Analysis by Changes Across Bedrest
Episode for the Last 14 Nights of Study 1
For the last 14 nights of Study 1 (Figure 4 and Supplementary
Figure 5), there was large night-to-night variability in multiple
metrics: there was a range of 20–100% in single night values
relative to median values in TST (median range 185.0 min,
median of medians 518.3 min, median of ratio [=(max-
min)/median] across participants for 14 nights of 0.4), Latency
to PersistSlp (range 112.5 min, median value 112.5 min, average
ratio 1.0), NREM sleep (range 157.0, Median 392.5, Ratio
0.4) SWS (range 28.5 min, median 35.8 min, ratio 0.9), REM
sleep (range 71.0 min, median 119.5 min, ratio 0.6), WAPSO
(range 178.5 min, median 162.3 min, ratio 1.0) (Figure 4).
The variation between individuals seen in median TST appears
to be mostly due to due to changes in median NREM sleep
more than median REM sleep. There were relationships between
median value in the last 14 nights and variability, with negative
correlations between median and range (75–25%) for TST
(correlation = −0.54), NREM Sleep (correlation = −0.41)
and WAPSO (correlation = −0.41), a positive correlation
for REM sleep (correlation =0.29), but not LatPersistSlp
(correlation =0.01).
There was no obvious consistent 2-night or 3-night periodicity
in this variability, suggesting that short-term (e.g., one or two
night) sleep homeostasis was not a major factor (Figure 5).
However, analysis of the night-to-night differences demonstrates
homeostatic regulation is present: there is a negative correlation
for the night-to-night change in duration of TST, NREM sleep,
and REM sleep or of Latency to PersistSlp: a larger difference
between consecutive nights is followed by a smaller difference
and vice-versa (Supplementary Figure 5).
In response to the question: “Can I sleep too much?,” the
answer is “No,” since “too much” implies sleeping longer than is
biologically necessary. We demonstrate that the average healthy
young human can not chronically sleep over 10 h per day: the
average sleep duration was 8.6 h over the last 14 nights of the
Study 1 protocol. Individual night TST, however, ranged from
5.2–11.0 h. Two other studies support our observed homeostatic
set-point value of 8.6 h: in one study in which healthy individuals
had scheduled 8-h bedrest episodes (Van Dongen et al., 2003),
there was a progressive decrease in visual vigilant performance
(suggesting insufficient sleep), while participants with 9-h bedrest
episodes in another study (Belenky et al., 2003) did not
have this decrease.
In this report, we compared data from two conditions with
extended sleep opportunity: one with one 14-h nighttime bedrest
episode and one with 16 h of sleep opportunity split into 12 h
at night plus 4 h during the day.
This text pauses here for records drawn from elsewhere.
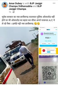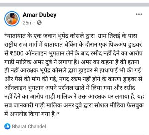 युवा मोर्चा के कार्यकर्ताओं का आरोप है कि यातायात विभाग के जवान भूपेंद्र कोसले द्वारा ग्राम तिलाई के पास चेंकिग के दौरान 500 रूपए आनलाइन भुगतान लेने के बाद रसीद नही देने का वीडियो सोशल मीडिया में वायरल हो गया। इससे यातायात विभाग की जमकर किरकिरी होनी शुरू हो गई। मामले में तूल पकड़ता देख यातायात विभाग के द्वारा चालान काटा गया है, लेकिन सरकारी चालान काटकर अपने निजी खाते में रूपए लेने की बात का युवामोर्चा में विरोध जताया है।
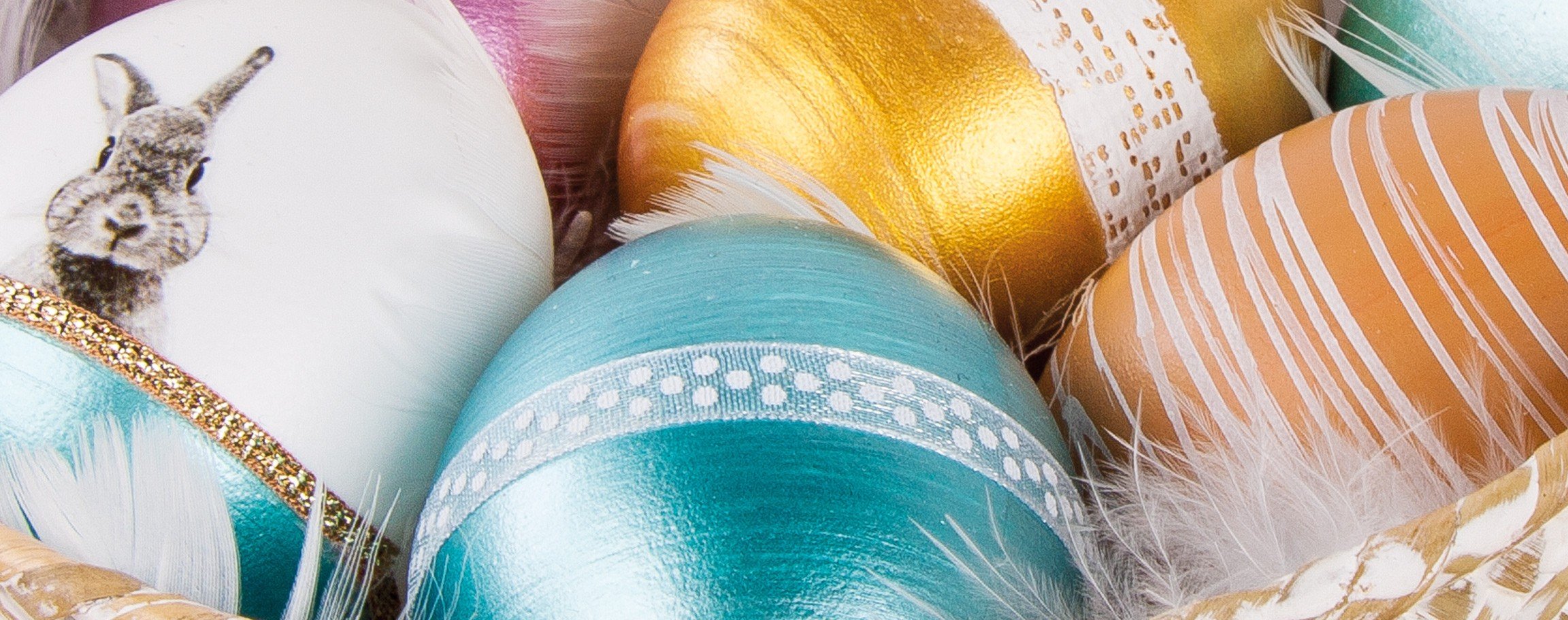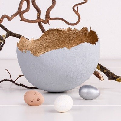 Instructions in 1 steps For the shimmering gold look, paint the plastic eggs with Extreme Sheen paint. Then decorate them with an organza ribbon. And this is how it works:
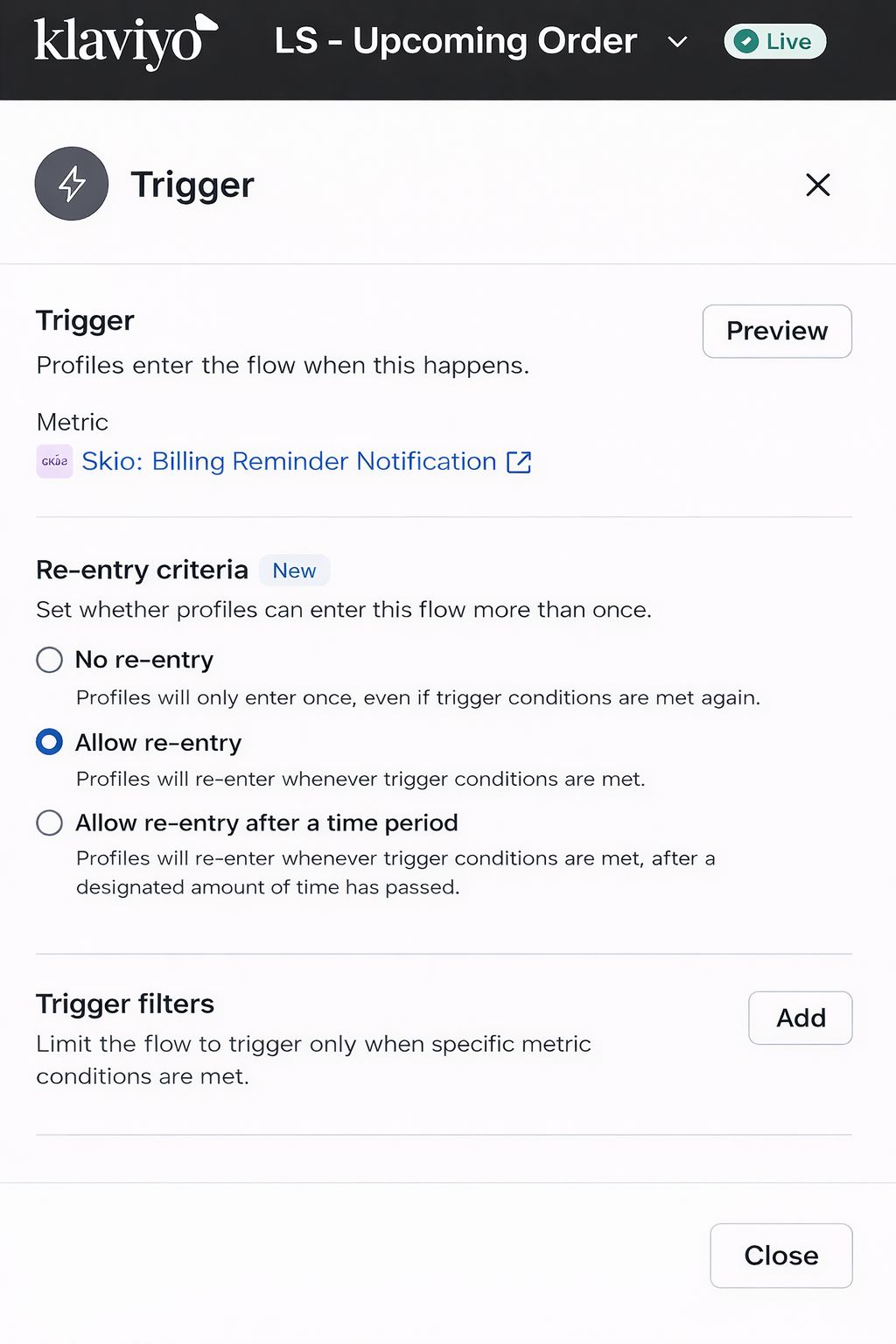 Implementation typically occurs inside Klaviyo’s flow builder using the billing reminder event generated by the subscription platform. The trigger event, such as Skio’s Billing Reminder or Recharge’s Upcoming Charge, includes a property that indicates how many subscription cycles have already been completed. This value can be used in trigger splits to route subscribers into the correct branch.

For both studies, the values of
sleep metrics in the first few days suggested rebound recovery
(i.e., a homeostatic process) from sleep loss: when scheduled to an
extended sleep opportunity, there were initially increased values
of TST, NREM sleep, and Sleep Episode Duration and decreased
sleep latency that lasted 1–3 days. This was followed by decreasing
values of TST, NREM sleep, and Sleep Episode Duration and
increasing sleep latency for the next few days. This pattern is
consistent with a homeostatic process, likely reflecting recovery
from prior behaviorally-induced insufficient sleep (or sleep debt).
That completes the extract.